英文:
Rocksdb seems to load full Ktable statestore in memory
问题
在我的Kafka流拓扑中,我将一个KTable与一个KStream进行了连接,但由于内存问题而不断崩溃:连接DSL为KTable创建了一个状态存储(statestore),当此状态存储较小时,使用的内存较低,但当KTable随着新消息增长时,内存也会增长。在某一点上,状态存储的大小超过了为流分配的内存,因此导致崩溃。
我的问题是:在KTable/KStream连接中,RocksDB是否会将状态存储的所有内容加载到LRU缓存中?这对我来说似乎是一种奇怪的行为,因为在给定时间点上,流仅使用KTable的一小部分,而RocksDB是用于刷新到磁盘的,否则与内存存储无异。
感谢您的帮助。
附注:我已经尝试使用配置设置器限制RocksDB的内存,但效果不大。在某一点上,它会超过配置的缓存大小,或者如果启用严格模式则会引发LRUCache限制异常。
英文:
In my kafka stream topology, I join a ktable with a kstream and it keeps crashing because of the memory: the join DSL creates one statestore for the Ktable, and when this statestore is small, the used memory is low , but when the ktable grows with new messages the memory grows too . At some point, the size of the statestore exceeds the memory alloced for the Stream and so it crashes.

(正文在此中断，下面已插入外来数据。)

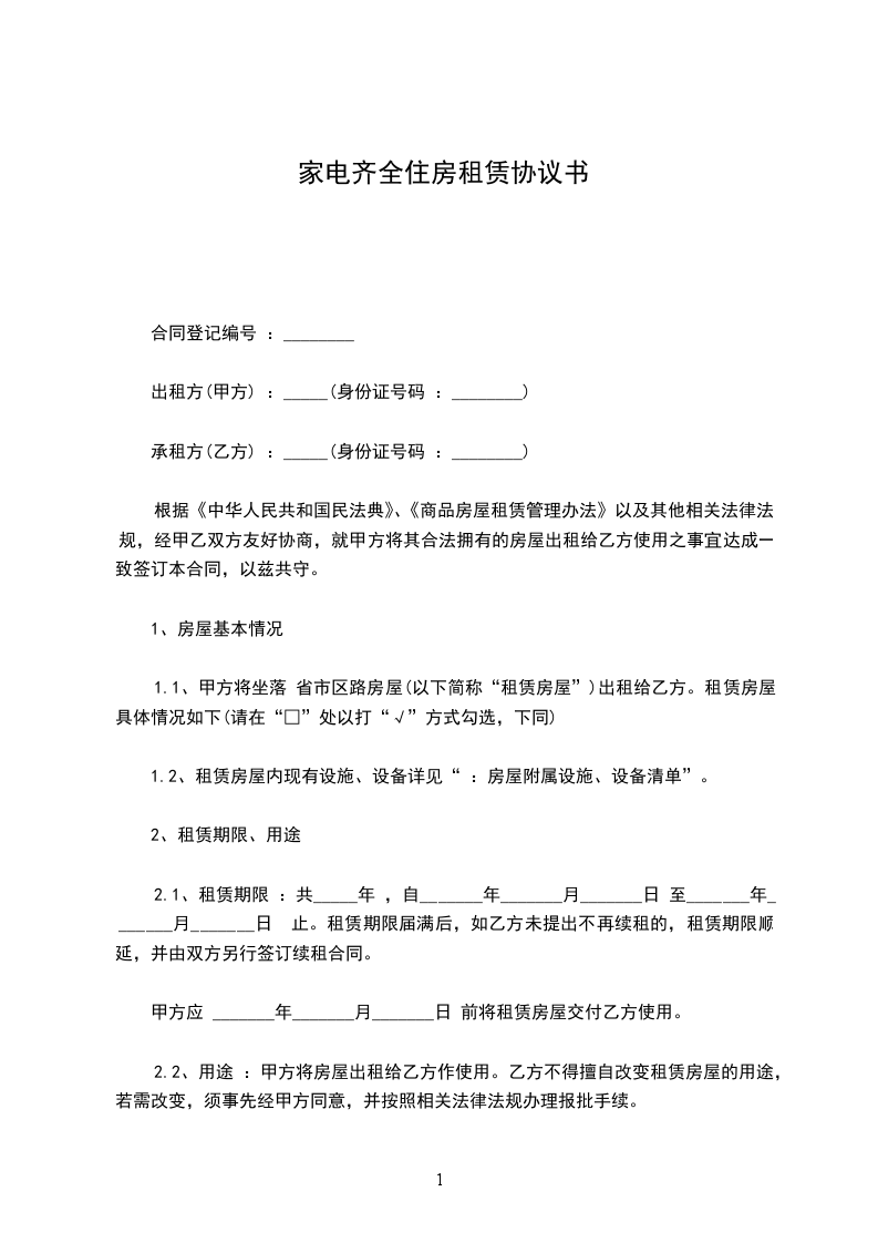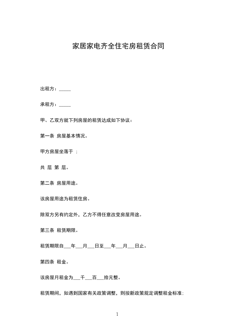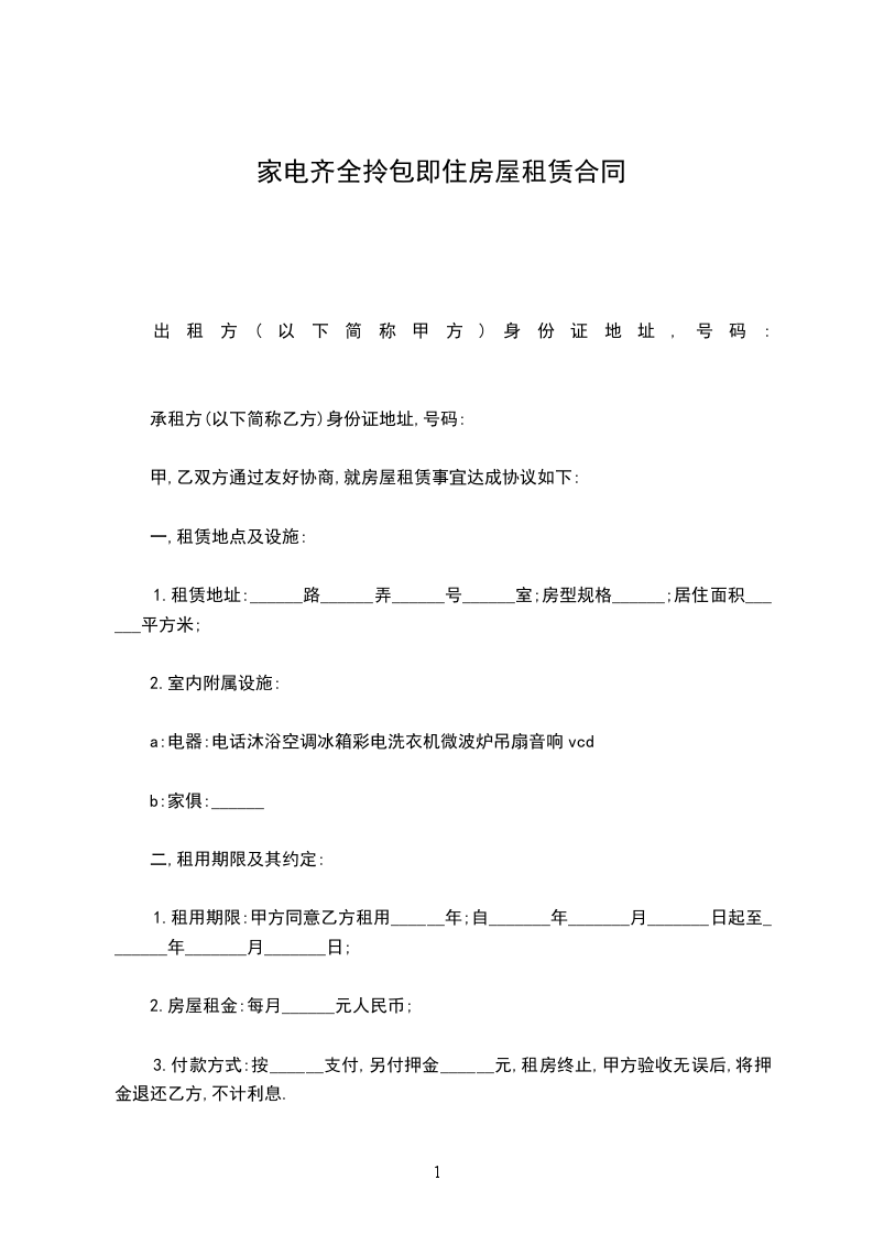 一、房屋租赁期自_________年____月____日至_________年_____月_____日共计_________年______个月。甲方应于_________年_____月_____日前将房屋按约定条件交付给乙方。房经甲乙双方交验签字盖章并移交房门钥匙及后视为交付完成。
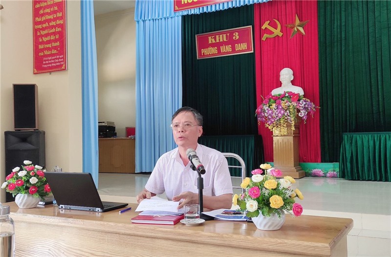 Đồng chí Bùi Huy Thục, Thành uỷ viên, Bí thư Đảng uỷ, Chủ tịch UBND phường Vàng Danh phát biểu tại buổi sinh hoạt.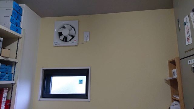 窓の換気扇交換とボード張り替えクロス工事完了しました。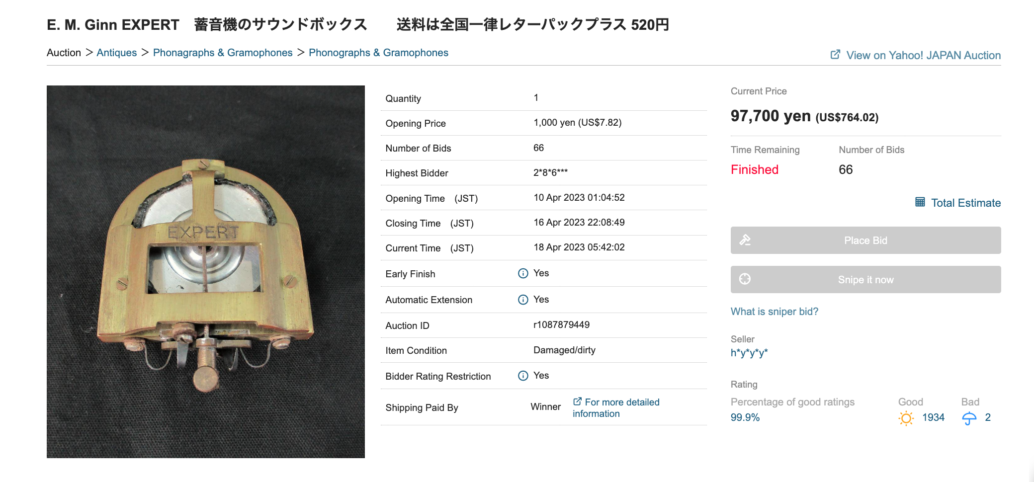 EMGinn Expert Soundbox sold for $764.00 in Yahoo Auction Japan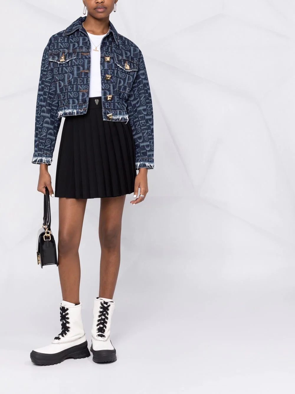 Philipp Plein's extravagant approach to design is showcased in this denim jacket, with a contemporary cropped silhouette. Featuring an all-over logo print with letters in different scales, it adds to its eye-catching effect.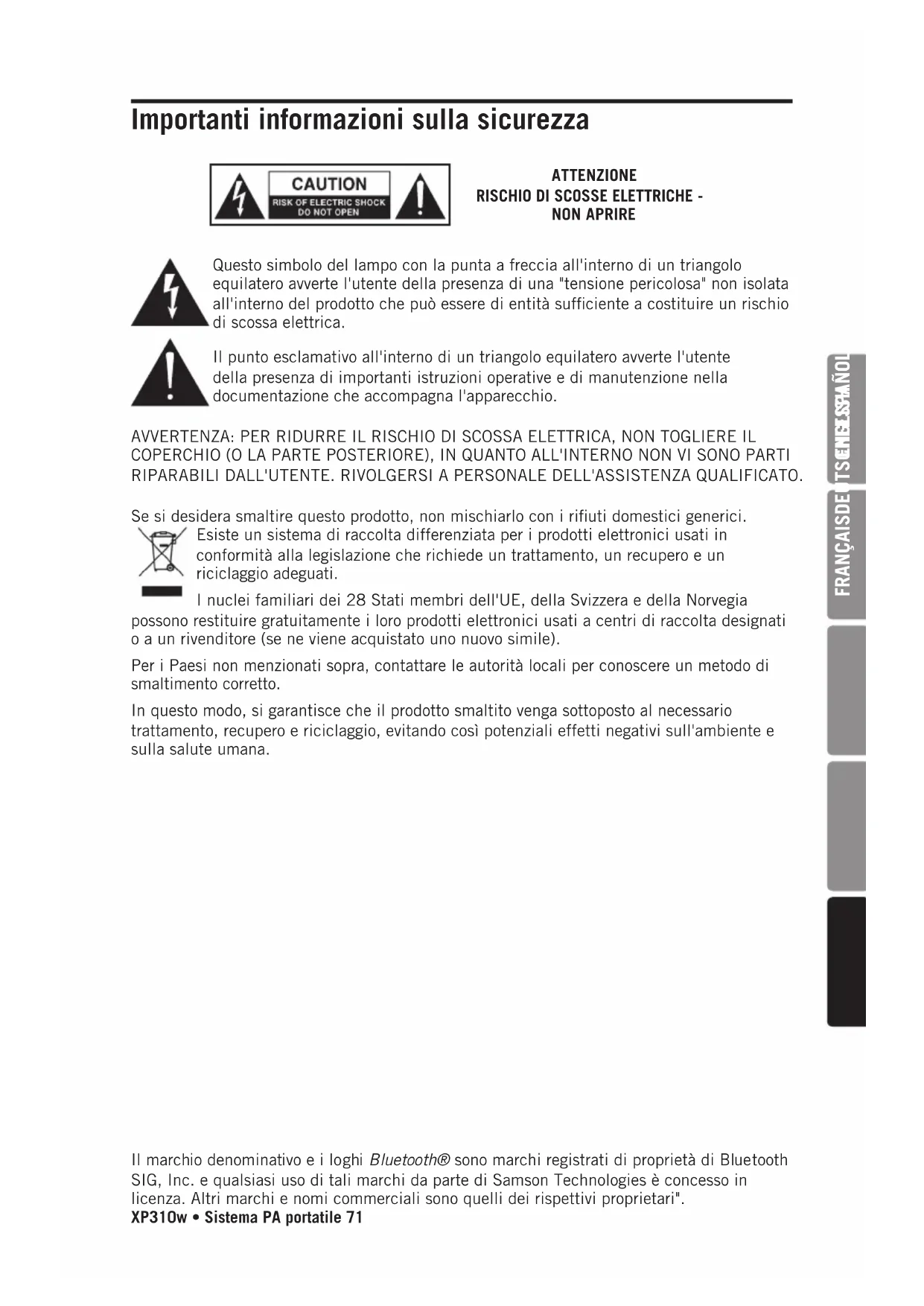 NON APRIRE Questo simbolo del lampo con la punta a freccia all'interno di un triangolo equilatero avverte l'utente della presenza di una "tensione pericolosa" non isolata all'interno del prodotto che può essere di entità sufficiente a costituire un rischio di scossa elettrica. Il punto esclamativo all'interno di un triangolo equilatero avverte l'utente della presenza di importanti istruzioni operative e di manutenzione nella documentazione che accompagna l'apparecchio. AVVERTENZA: PER RIDURRE IL RISCHIO DI SCOSSA ELETTRICA, NON TOGLIERE IL COPERCHIO (O LA PARTE POSTERIORE), IN QUANTO ALL'INTERNO NON VI SONO PARTI RIPARABILI DALL'UTENTE. RIVOLGERSI A PERSONALE DELL'ASSISTENZA QUALIFICATO. Se si desidera smaltire questo prodotto, non mischiarlo con i rifiuti domestici generici. Esiste un sistema di raccolta differenziata per i prodotti elettronici usati in conformità alla legislazione che richiede un trattamento, un recupero e un riciclaggio adeguati. I nuclei familiari dei 28 Stati membri dell'UE, della Svizzera e della Norvegia possono restituire gratuitamente i loro prodotti elettronici usati a centri di raccolta designati o a un rivenditore (se ne viene acquistato uno nuovo simile). Per i Paesi non menzionati sopra, contattare le autorità locali per conoscere un metodo di smaltimento corretto. In questo modo, si garantisce che il prodotto smaltito venga sottoposto al necessario trattamento, recupero e riciclaggio, evitando così potenziali effetti negativi sull'ambiente e sulla salute umana. Importanti informazioni sulla sicurezza Il marchio denominativo e i loghi Bluetooth® sono marchi registrati di proprietà di Bluetooth SIG, Inc. e qualsiasi uso di tali marchi da parte di Samson Technologies è concesso in licenza. Altri marchi e nomi commerciali sono quelli dei rispettivi proprietari".72 Importanti informazioni sulla sicurezza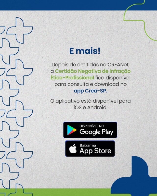 #repost Crea-SP – Transparência, valorização e confiança para quem constrói o futuro com responsabilidade: são essas as funções da Certidão Negativa de Infração Ético-Profissional.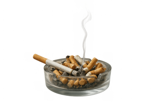 Ashtray full of cigarette butts with lit cigarette, representing addiction and health risks, on transparent background

My question is : with a Ktable/Kstream join, does Rocksdb loads all the content of the statestore in the LRUcache? It seems a weird behavior to me, because only a small part of the ktable is used by the stream at a given point, and Rocksdb is made to flush to disk otherwise it makes no difference with the in memory store.
Thanks for your help
P.S : I already tried to bound the rocksdb memory with the config setter, but it doesn't change much. At some point, it exceeds the size of the configured cache size, or throws an LRUCache limit exception if I enable strict mode.
答案1
得分: 1
如果你指的是KafkaStreams的缓存层,那么不会。缓存的大小受statestore.cache.max.bytes
(在较旧的版本中为cache.max.bytes.buffering
)限制。
对于RocksDB的非堆外缓存,你可以实现一个RocksDBConfigSetter
,然后通过StreamsConfig
传递以限制RocksDB使用的内存。请参考https://docs.confluent.io/platform/current/streams/developer-guide/memory-mgmt.html#rocksdb
如果你已经尝试过使用配置setter来限制RocksDB的内存,但效果不大,最终超出了配置的缓存大小,或者如果启用了严格模式则会引发LRUCache限制异常,那么是否确实与RocksDB有关呢?对于这种情况,似乎需要更改你的RocksDBConfigSetter
。我建议检查RocksDB的本地LOG
文件(一个好的工具是https://github.com/speedb-io/log-parser)以查看内存使用情况。这可能与固定(例如,tableConfig.setCacheIndexAndFilterBlocks(true);
)有关 - 如果使用了固定,它将优先于内存限制,并可能违反限制。对于这种情况,你应该禁用固定。
英文:
> with a Ktable/Kstream join, does Rocksdb loads all the content of the statestore in the LRUcache
If you refer to KafkaStreams' caching layer, no. The size of the cache is bound via statestore.cache.max.bytes
(in older releases cache.max.bytes.buffering
).
For RocksDB off-heap caches, you can implement a RocksDBConfigSetter
that you pass via StreamsConfig
to bound the memory RocksDB uses. Cf https://docs.confluent.io/platform/current/streams/developer-guide/memory-mgmt.html#rocksdb
> P.S : I already tried to bound the rocksdb memory with the config setter, but it doesn't change much. At some point, it exceeds the size of the configured cache size, or throws an LRUCache limit exception if I enable strict mode.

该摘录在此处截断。